*THE PROBLEM*: When you reach the line with "2 患者基因分析结果: A.SLC12A3基因携带一个c.1732G" in the records below, begin transcribing exactly and continue up to and including the line with "This paper explores", leaving out every picture.

*SOURCE RECORDS*:
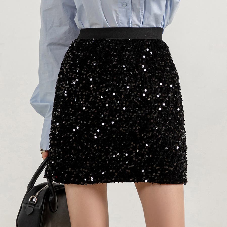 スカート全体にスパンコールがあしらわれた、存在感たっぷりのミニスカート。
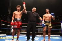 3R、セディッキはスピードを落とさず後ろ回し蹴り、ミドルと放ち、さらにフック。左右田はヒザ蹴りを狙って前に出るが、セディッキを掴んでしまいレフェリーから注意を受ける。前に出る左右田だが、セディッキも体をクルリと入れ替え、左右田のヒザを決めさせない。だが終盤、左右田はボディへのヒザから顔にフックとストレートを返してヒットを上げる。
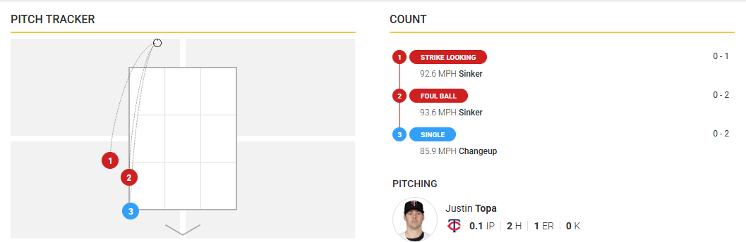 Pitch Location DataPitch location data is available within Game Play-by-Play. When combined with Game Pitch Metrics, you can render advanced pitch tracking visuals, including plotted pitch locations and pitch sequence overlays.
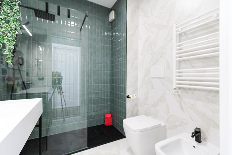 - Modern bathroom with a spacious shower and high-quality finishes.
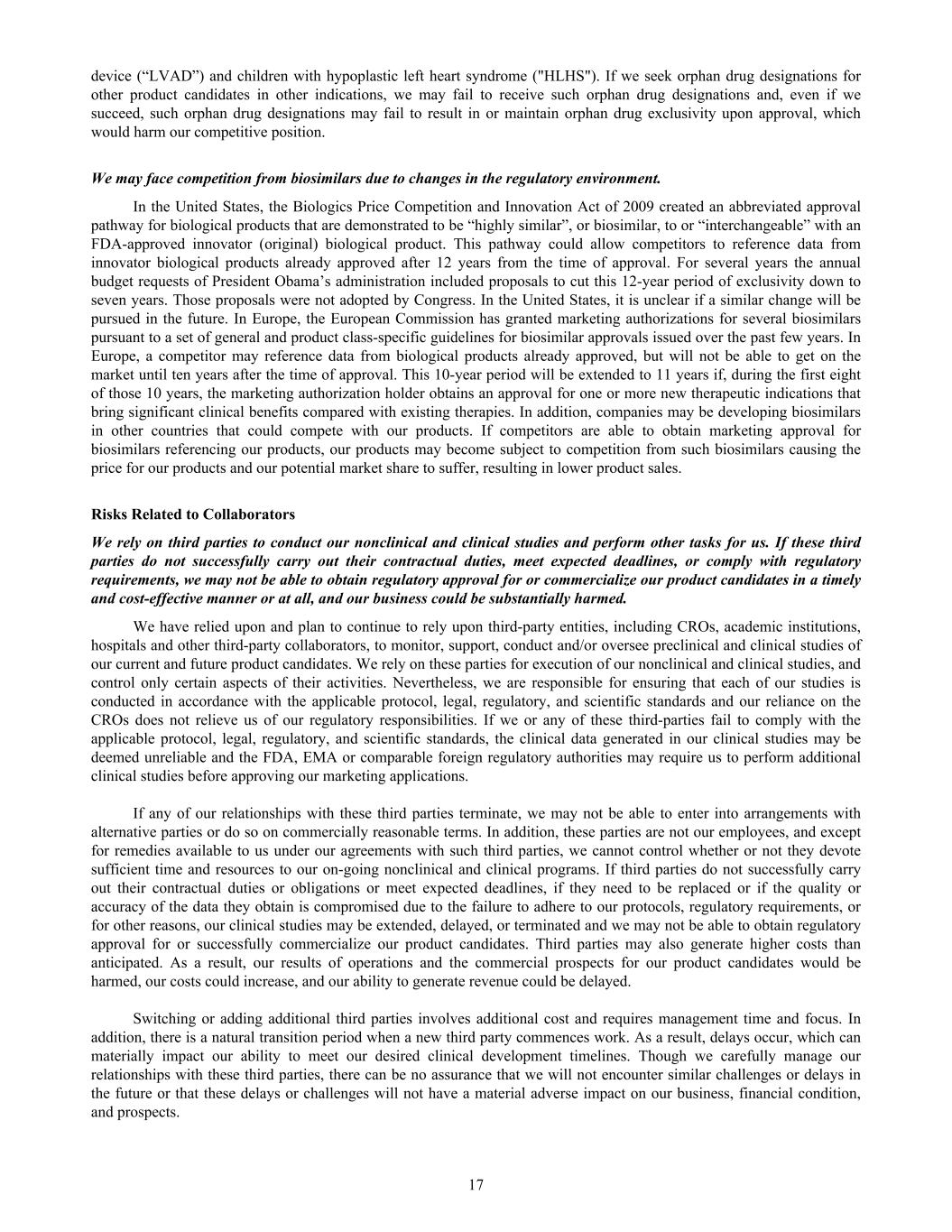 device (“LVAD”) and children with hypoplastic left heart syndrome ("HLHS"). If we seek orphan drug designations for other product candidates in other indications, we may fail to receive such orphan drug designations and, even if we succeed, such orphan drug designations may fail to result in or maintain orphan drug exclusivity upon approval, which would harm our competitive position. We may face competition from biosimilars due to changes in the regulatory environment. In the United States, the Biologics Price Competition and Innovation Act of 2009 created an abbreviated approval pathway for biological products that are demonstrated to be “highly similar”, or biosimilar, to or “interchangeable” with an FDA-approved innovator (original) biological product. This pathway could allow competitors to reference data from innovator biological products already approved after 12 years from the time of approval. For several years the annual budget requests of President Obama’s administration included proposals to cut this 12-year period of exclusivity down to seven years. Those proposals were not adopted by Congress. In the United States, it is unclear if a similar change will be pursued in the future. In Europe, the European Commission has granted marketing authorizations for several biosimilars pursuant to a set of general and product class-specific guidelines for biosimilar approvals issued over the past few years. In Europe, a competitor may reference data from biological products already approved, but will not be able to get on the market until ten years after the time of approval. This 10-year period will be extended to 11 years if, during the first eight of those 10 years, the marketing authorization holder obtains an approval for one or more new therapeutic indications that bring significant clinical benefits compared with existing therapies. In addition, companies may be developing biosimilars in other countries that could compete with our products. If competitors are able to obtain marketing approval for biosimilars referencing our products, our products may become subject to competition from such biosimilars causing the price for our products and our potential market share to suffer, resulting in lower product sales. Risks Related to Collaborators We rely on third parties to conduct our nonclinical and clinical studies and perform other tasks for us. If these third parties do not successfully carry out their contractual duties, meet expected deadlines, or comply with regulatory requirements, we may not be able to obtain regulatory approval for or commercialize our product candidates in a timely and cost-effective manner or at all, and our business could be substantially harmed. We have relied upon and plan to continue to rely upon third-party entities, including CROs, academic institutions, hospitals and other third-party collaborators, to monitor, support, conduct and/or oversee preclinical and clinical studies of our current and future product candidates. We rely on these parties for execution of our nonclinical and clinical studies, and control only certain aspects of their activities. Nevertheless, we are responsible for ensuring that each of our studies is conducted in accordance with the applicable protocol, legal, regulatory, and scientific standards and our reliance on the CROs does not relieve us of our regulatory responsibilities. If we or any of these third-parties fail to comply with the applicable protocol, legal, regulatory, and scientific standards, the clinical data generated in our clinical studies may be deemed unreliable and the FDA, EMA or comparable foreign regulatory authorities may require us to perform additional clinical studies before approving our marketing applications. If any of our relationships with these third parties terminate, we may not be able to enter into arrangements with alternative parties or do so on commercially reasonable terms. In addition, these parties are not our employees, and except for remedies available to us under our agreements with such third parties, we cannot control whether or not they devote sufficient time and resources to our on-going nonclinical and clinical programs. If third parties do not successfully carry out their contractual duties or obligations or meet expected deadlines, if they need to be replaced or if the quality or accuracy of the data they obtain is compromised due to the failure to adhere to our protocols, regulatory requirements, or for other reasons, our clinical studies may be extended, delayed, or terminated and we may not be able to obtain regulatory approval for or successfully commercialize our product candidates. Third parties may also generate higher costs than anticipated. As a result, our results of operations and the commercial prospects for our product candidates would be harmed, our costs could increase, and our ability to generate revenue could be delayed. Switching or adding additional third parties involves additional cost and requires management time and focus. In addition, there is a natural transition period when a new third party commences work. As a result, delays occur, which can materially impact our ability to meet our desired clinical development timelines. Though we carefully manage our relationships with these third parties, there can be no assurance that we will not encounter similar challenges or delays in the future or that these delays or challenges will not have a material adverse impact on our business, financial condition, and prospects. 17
---
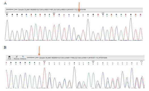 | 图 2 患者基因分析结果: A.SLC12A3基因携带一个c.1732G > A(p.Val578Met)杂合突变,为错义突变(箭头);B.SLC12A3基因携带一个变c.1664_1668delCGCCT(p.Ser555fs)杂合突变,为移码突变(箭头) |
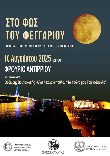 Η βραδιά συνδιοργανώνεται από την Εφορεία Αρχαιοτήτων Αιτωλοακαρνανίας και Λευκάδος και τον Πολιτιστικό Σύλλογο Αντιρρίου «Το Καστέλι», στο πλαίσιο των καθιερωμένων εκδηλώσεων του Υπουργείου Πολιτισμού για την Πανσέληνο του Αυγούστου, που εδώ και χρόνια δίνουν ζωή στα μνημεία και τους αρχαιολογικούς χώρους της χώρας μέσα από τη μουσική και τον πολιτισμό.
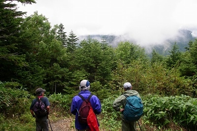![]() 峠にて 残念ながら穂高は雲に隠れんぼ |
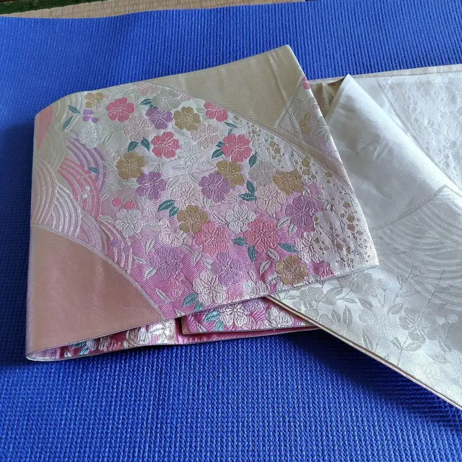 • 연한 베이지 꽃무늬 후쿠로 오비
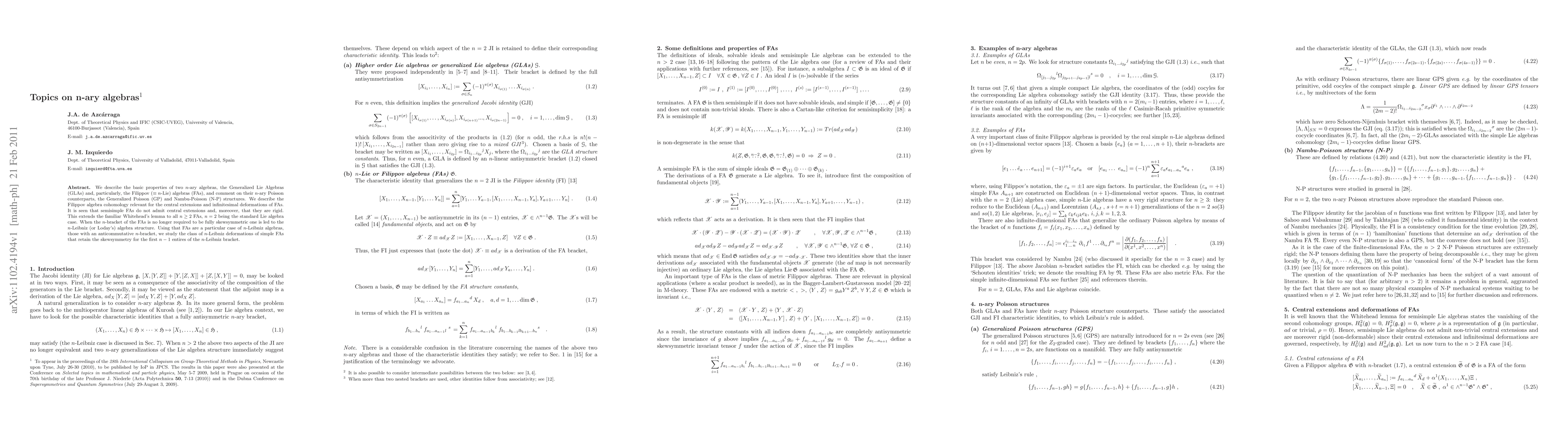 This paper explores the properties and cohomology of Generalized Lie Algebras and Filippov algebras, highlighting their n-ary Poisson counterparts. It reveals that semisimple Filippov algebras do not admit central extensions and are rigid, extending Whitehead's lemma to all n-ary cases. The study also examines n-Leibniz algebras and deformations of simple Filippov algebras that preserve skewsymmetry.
---
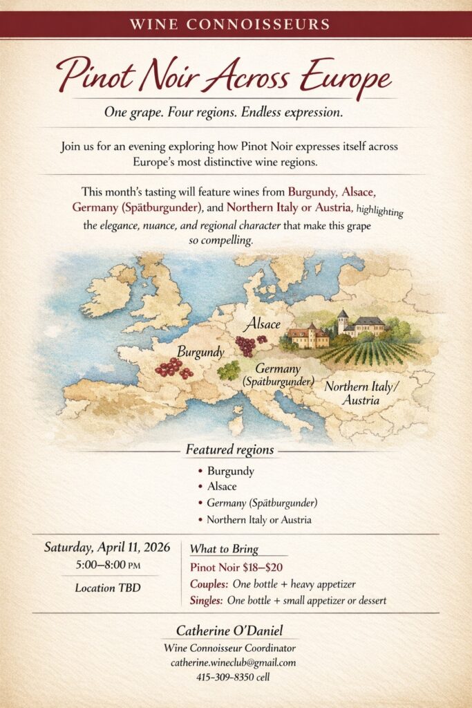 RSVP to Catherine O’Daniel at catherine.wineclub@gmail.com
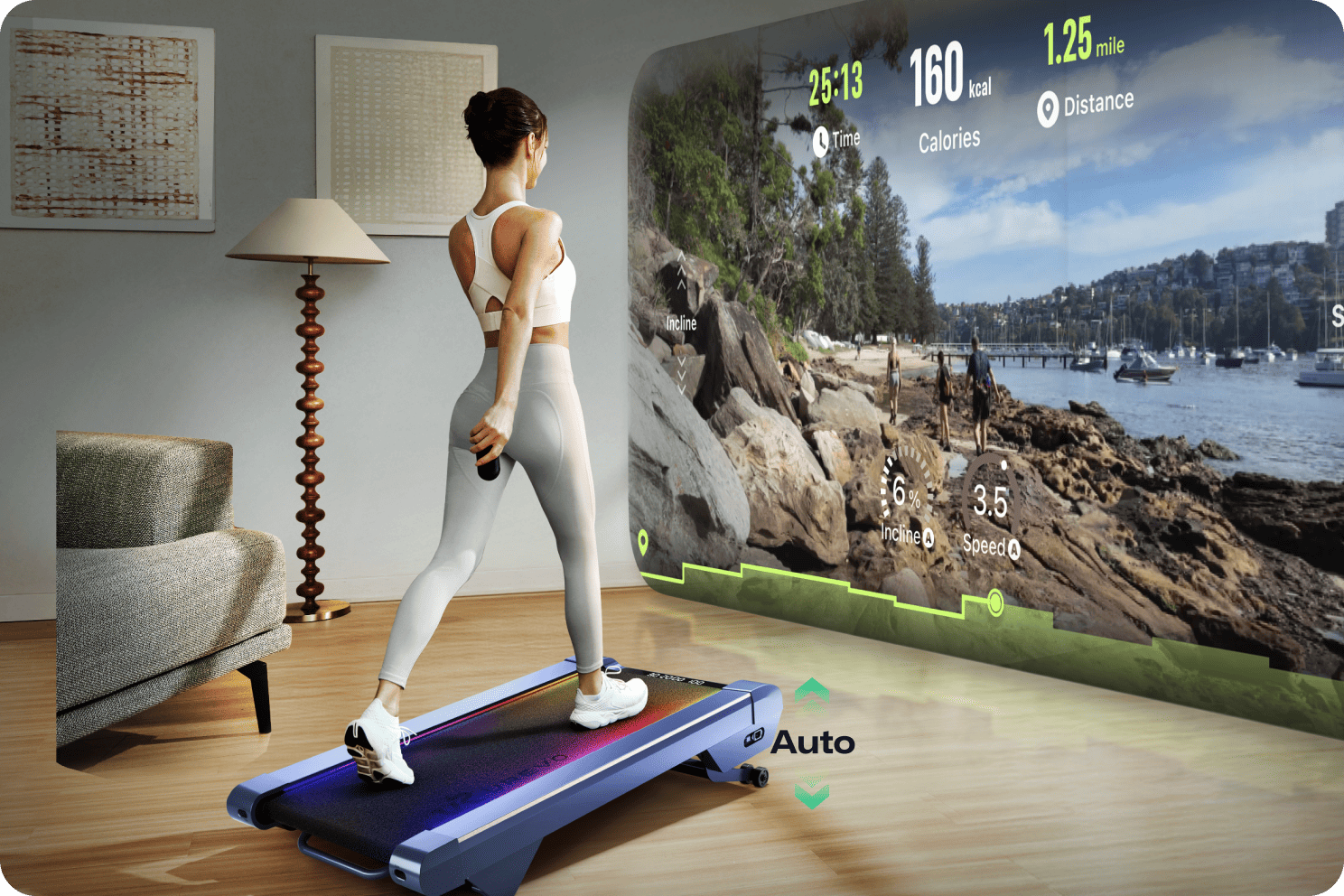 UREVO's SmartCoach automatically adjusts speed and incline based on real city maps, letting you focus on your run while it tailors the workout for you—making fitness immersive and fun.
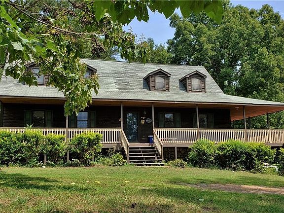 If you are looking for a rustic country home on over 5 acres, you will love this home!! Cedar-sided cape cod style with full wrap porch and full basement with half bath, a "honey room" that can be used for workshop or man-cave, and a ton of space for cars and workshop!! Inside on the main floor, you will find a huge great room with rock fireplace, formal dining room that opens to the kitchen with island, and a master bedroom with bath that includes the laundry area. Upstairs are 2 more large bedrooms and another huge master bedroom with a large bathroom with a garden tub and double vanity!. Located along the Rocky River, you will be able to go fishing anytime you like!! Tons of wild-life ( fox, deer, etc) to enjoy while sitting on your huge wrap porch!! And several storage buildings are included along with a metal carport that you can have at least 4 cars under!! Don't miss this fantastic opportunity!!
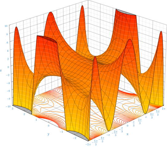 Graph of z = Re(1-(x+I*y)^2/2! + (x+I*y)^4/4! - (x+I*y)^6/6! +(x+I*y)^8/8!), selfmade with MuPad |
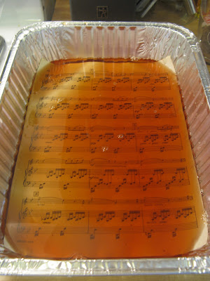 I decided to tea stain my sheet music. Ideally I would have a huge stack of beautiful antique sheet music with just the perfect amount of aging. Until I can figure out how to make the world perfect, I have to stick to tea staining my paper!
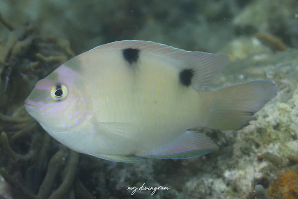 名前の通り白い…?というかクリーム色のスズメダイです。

*TASK OUTPUT*:
 | 图 2 患者基因分析结果: A.SLC12A3基因携带一个c.1732G > A(p.Val578Met)杂合突变,为错义突变(箭头);B.SLC12A3基因携带一个变c.1664_1668delCGCCT(p.Ser555fs)杂合突变,为移码突变(箭头) |
 Η βραδιά συνδιοργανώνεται από την Εφορεία Αρχαιοτήτων Αιτωλοακαρνανίας και Λευκάδος και τον Πολιτιστικό Σύλλογο Αντιρρίου «Το Καστέλι», στο πλαίσιο των καθιερωμένων εκδηλώσεων του Υπουργείου Πολιτισμού για την Πανσέληνο του Αυγούστου, που εδώ και χρόνια δίνουν ζωή στα μνημεία και τους αρχαιολογικούς χώρους της χώρας μέσα από τη μουσική και τον πολιτισμό.
![]() 峠にて 残念ながら穂高は雲に隠れんぼ |
 • 연한 베이지 꽃무늬 후쿠로 오비
 This paper explores the properties and cohomology of Generalized Lie Algebras and Filippov algebras, highlighting their n-ary Poisson counterparts. It reveals that semisimple Filippov algebras do not admit central extensions and are rigid, extending Whitehead's lemma to all n-ary cases. The study also examines n-Leibniz algebras and deformations of simple Filippov algebras that preserve skewsymmetry.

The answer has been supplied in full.